I was listening to Toni Morrison’s Song of Solomon the other day, and marveling at her ability to tell such full, rich stories interspersed with moments of pain as well as moments of humor.
I came to a line that beckoned me to pause, rewind, and listen again. Pilate – a character who has become rather nomadic from necessity, as she is rejected time and again by different communities, both for reasons she can control and for those she can’t, is described as staring at people. The kind of staring that Black people only accept from children and “certain kinds of outlaws.”
I mulled that line over for a while. And even after resuming the novel and continuing about my daily routines, the words stuck with me.
It seems to me that making the kind of sustained eye contact that only children and certain kinds of outlaws are expected to make must come from a sense of audacity and self assurance.

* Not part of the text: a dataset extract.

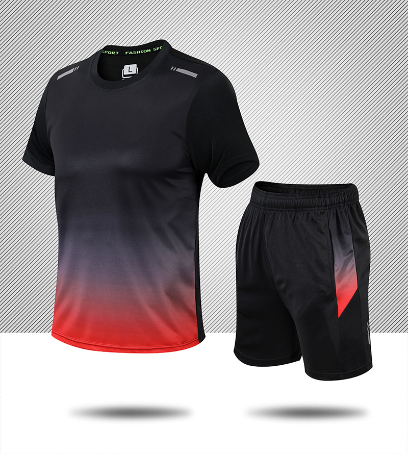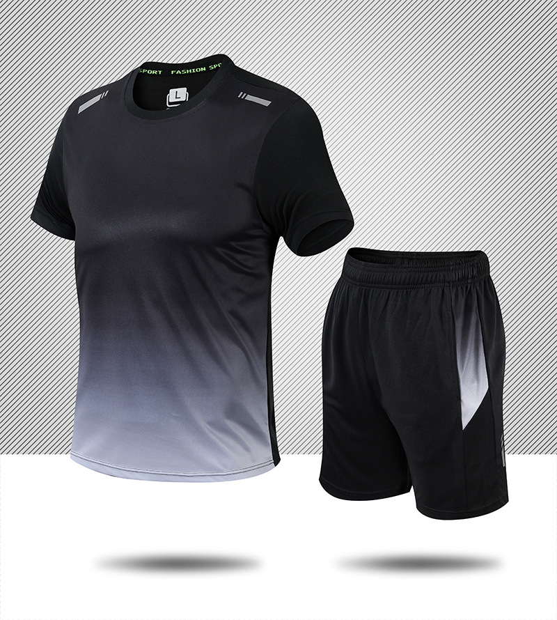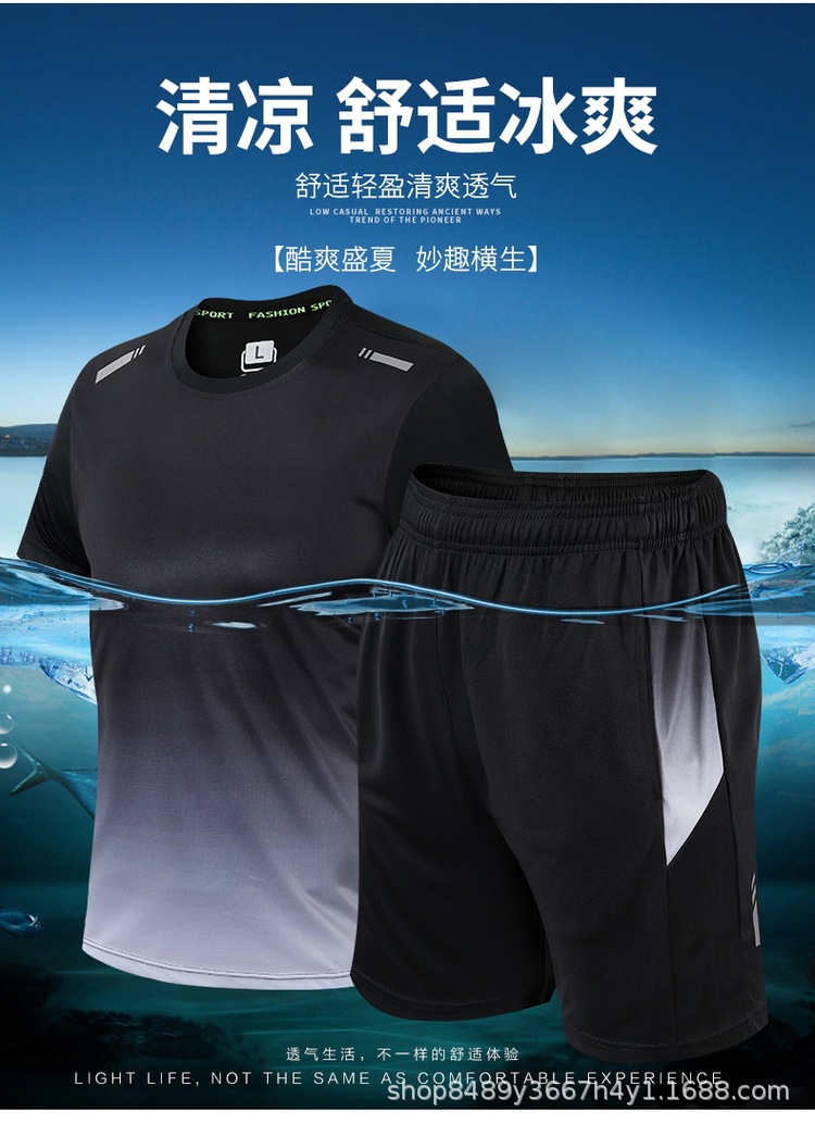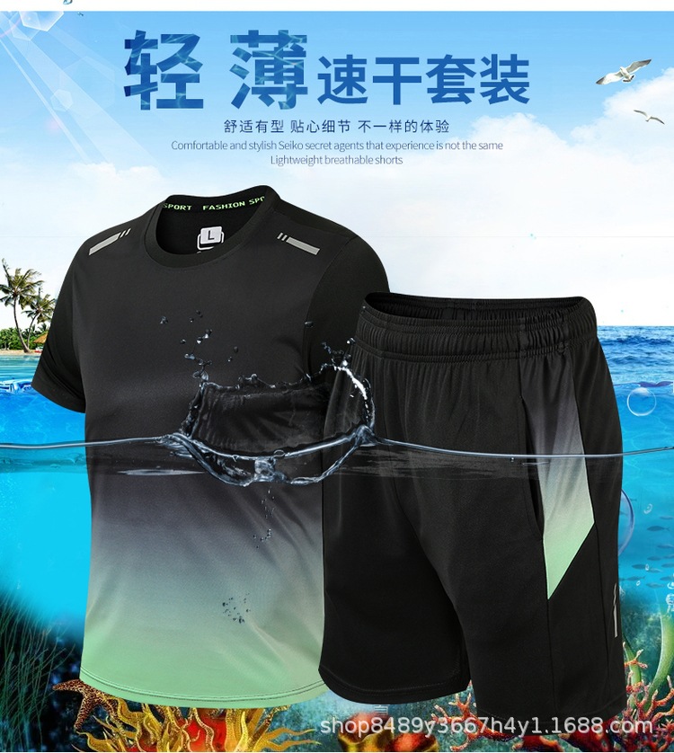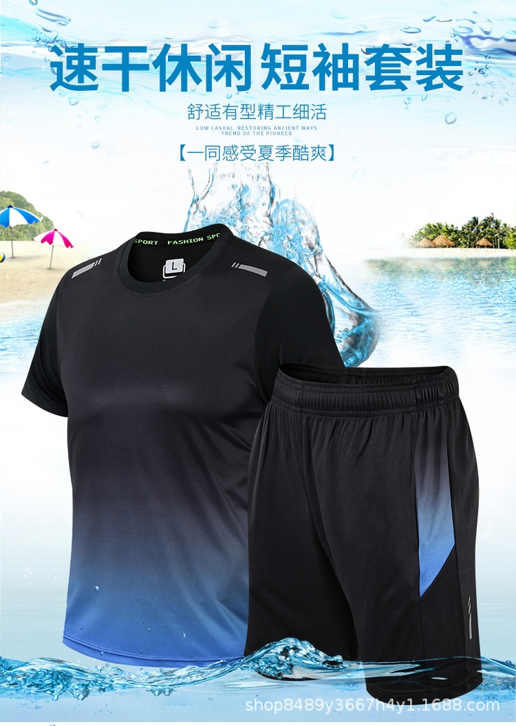 공장 직공급 남자의 속건 스포츠 세트 남자의 여름 반팔 반바지 남자의 달리기 피트니스 스포츠웨어 세트

The kinds of qualities that as we grow up and learn social norms and cultural customs, we reduce and diminish within ourselves – making ourselves smaller in order to accommodate the people around us, not realizing that insodoing we forget a part of our truest selves.
Song of Solomon’s Pilate, shunned for so much of her life, didn’t receive the social conditioning that would have instructed her to question her worth or stamina enough to look down or away.
So she looked straight on.
And it’s got me wondering, y’all, if the folks in our lives who jar us most are the ones who refuse to look away.
When I stared directly at the racially insensitive comic my publisher posted, refusing to shrink back or turn my head, was it a sense on the publisher’s end that I must be a certain kind of outlaw that resulted in the dissolution of our personal and professional relationship?
Candice Benbow, Jo Luehmann, Sesali Bowen, Ebony Janice, and a chorus of melanated womanist voices collectively refused to look away from Jennifer Buck’s digital blackface and atrocious attempt to claim for herself the work Black women have already been doing. Had these scholars chosen to look down or away – whether from shock, social custom, self-preservation, or something else entirely – would the publisher have been shamed into pulling the book from publication?
Would we even know the names of Frederick Douglass, Sojourner Truth, and Harriett Tubman if they had not stayed in their bodies and looked fully into the face of their enslavers, refusing to accept the subhuman status that race-based chattel slavery had thrust upon them?
And what of the penitent thief on the cross next to Jesus? Did he not look fully into the face of God and thereby gain the promise of paradise?
I confess I have struggled to look up.
These last few months have been difficult, and holding my head up to look straight into an uncertain future has been challenging and discouraging.
But I am heartened as always by Morrison’s work. In Pilate, she beckons me to keep my gaze steady and my feet rooted.
This Good Friday and always, I hope you will carry with you the message of remaining present.
Look into the eyes of those who wish earnestly for you to look away so they don’t have to acknowledge your dignity.
Whether you are experiencing times of sorrow or joy, plenty or want, making eye contact with your present circumstances is the truest way to navigate through your life.
We won’t get to liberation by refusing to make eye contact with lament.
Stay in your body.
Look up, like Pilate, children, and certain kinds of outlaws.
Yeah. Be like Fannie Lou Hamer and don’t back down!